Supplied information:
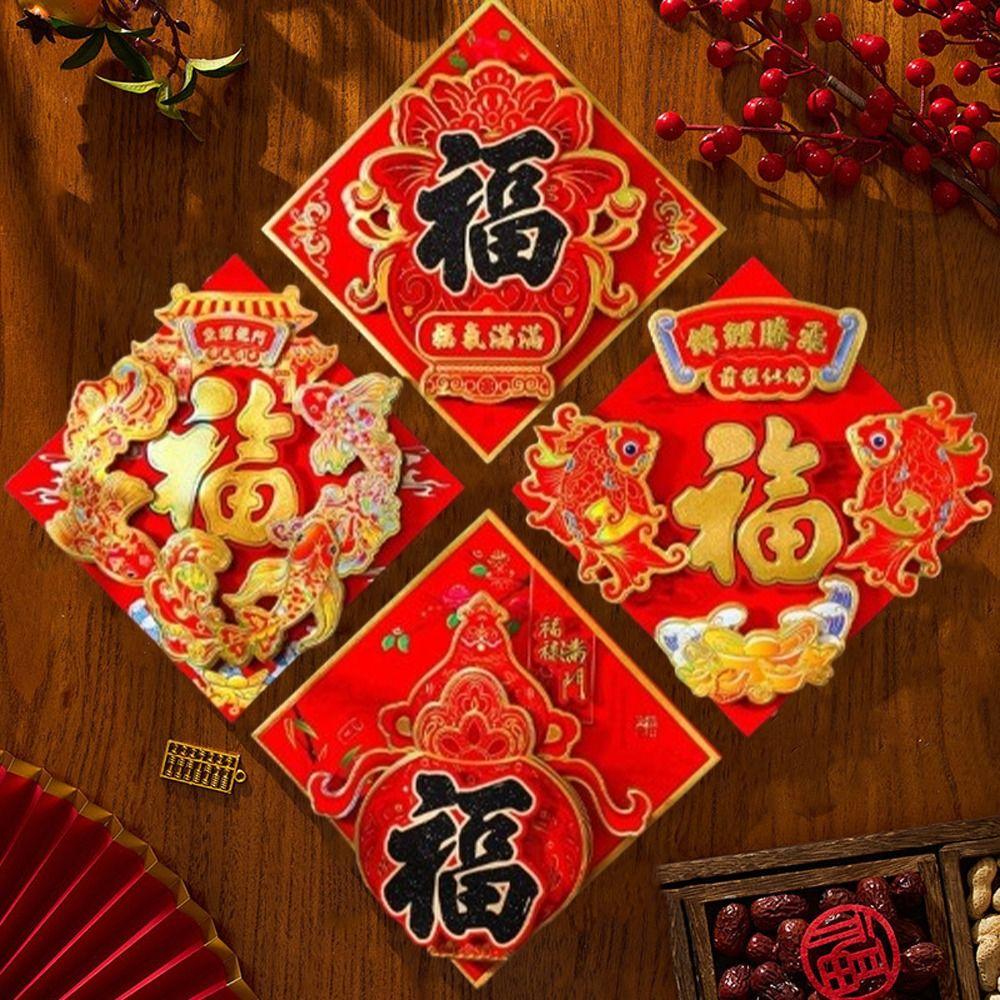 Блестящая наклейка на дверь Год Лошади в китайском стиле, наклейка на стену с иероглифом Фу, декор для дома, гостиной
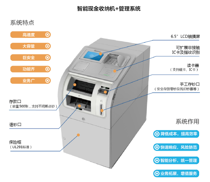 由銀行根據(jù)企業(yè)現(xiàn)金營(yíng)業(yè)金額,在企業(yè)收銀室或財(cái)務(wù)室,布設(shè){}“高速現(xiàn)金收納機(jī)”,并建立集中的現(xiàn)金收納管理系統(tǒng),幫助企業(yè)實(shí)現(xiàn)快速安全的營(yíng)業(yè)款繳納,并通過(guò)系統(tǒng)提供及時(shí)的入賬服務(wù)、遠(yuǎn)程的監(jiān)管服務(wù)等,在為企業(yè)提供安全的高效現(xiàn)金收款服務(wù),同時(shí),銀行可根據(jù)設(shè)備內(nèi)的現(xiàn)金量靈活定制上門收款時(shí)間及頻次,合理利用押款車資源,降低押款成本。
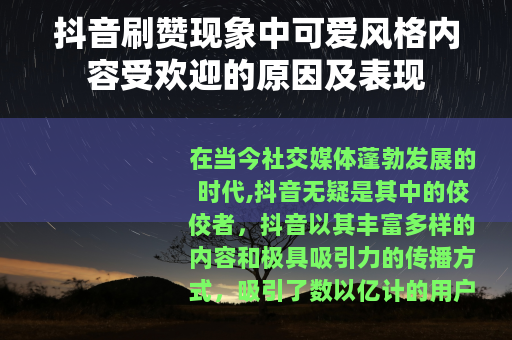 在当今社交媒体蓬勃发展的时代,抖音无疑是其中的佼佼者,抖音以其丰富多样的内容和极具吸引力的传播方式,吸引了数以亿计的用户,刷赞行为虽然在一定程度上存在争议,但不可否认的是,可爱风格的内容在抖音刷赞中占据了重要的一席之地。
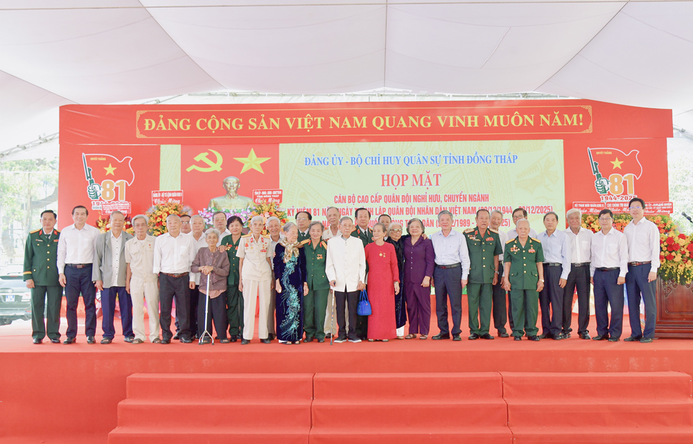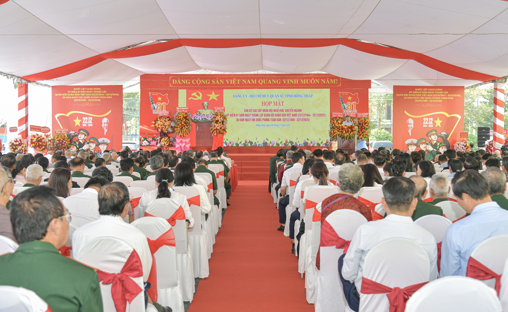 Sáng ngày 19/12, đồng chí Ngô Chí Cường - Ủy viên Ban Chấp hành Trung ương Đảng, Bí thư Tỉnh ủy Đồng Tháp đến dự buổi Họp mặt cán bộ cao cấp quân đội nghỉ hưu, chuyển ngành; kỷ niệm 81 năm Ngày thành lập Quân đội nhân dân Việt Nam (22/12/1944 - 22/12/2025), 36 năm Ngày hội Quốc phòng toàn dân (22/12/1989 - 22/12/2025).
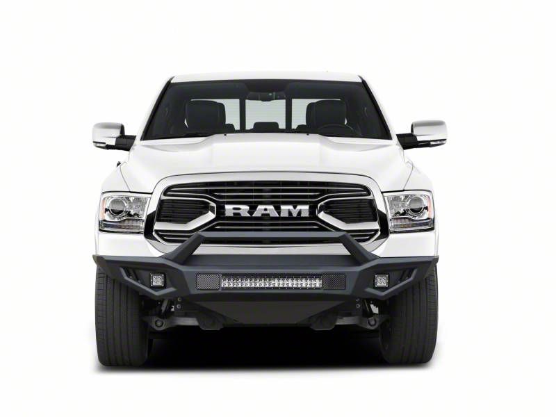 Impressive Front Bumper Upgrade. Take your RAM 1500’s off-road-ready setup to the next level by installing this Armour II Heavy Duty Front Bumper with 20-Inch LED Light Bar and 4-Inch Cube Lights. This high-quality front bumper offers a more durable and long-lasting performance, keeping your front-end components safe from trail damage.

Exercise objective: Once the pictures are set aside, the remaining data must be transcribed exactly.

Answer space:
 Блестящая наклейка на дверь Год Лошади в китайском стиле, наклейка на стену с иероглифом Фу, декор для дома, гостиной
 由銀行根據(jù)企業(yè)現(xiàn)金營(yíng)業(yè)金額,在企業(yè)收銀室或財(cái)務(wù)室,布設(shè){}“高速現(xiàn)金收納機(jī)”,并建立集中的現(xiàn)金收納管理系統(tǒng),幫助企業(yè)實(shí)現(xiàn)快速安全的營(yíng)業(yè)款繳納,并通過(guò)系統(tǒng)提供及時(shí)的入賬服務(wù)、遠(yuǎn)程的監(jiān)管服務(wù)等,在為企業(yè)提供安全的高效現(xiàn)金收款服務(wù),同時(shí),銀行可根據(jù)設(shè)備內(nèi)的現(xiàn)金量靈活定制上門收款時(shí)間及頻次,合理利用押款車資源,降低押款成本。
 在当今社交媒体蓬勃发展的时代,抖音无疑是其中的佼佼者,抖音以其丰富多样的内容和极具吸引力的传播方式,吸引了数以亿计的用户,刷赞行为虽然在一定程度上存在争议,但不可否认的是,可爱风格的内容在抖音刷赞中占据了重要的一席之地。
 Sáng ngày 19/12, đồng chí Ngô Chí Cường - Ủy viên Ban Chấp hành Trung ương Đảng, Bí thư Tỉnh ủy Đồng Tháp đến dự buổi Họp mặt cán bộ cao cấp quân đội nghỉ hưu, chuyển ngành; kỷ niệm 81 năm Ngày thành lập Quân đội nhân dân Việt Nam (22/12/1944 - 22/12/2025), 36 năm Ngày hội Quốc phòng toàn dân (22/12/1989 - 22/12/2025).
 Impressive Front Bumper Upgrade. Take your RAM 1500’s off-road-ready setup to the next level by installing this Armour II Heavy Duty Front Bumper with 20-Inch LED Light Bar and 4-Inch Cube Lights. This high-quality front bumper offers a more durable and long-lasting performance, keeping your front-end components safe from trail damage.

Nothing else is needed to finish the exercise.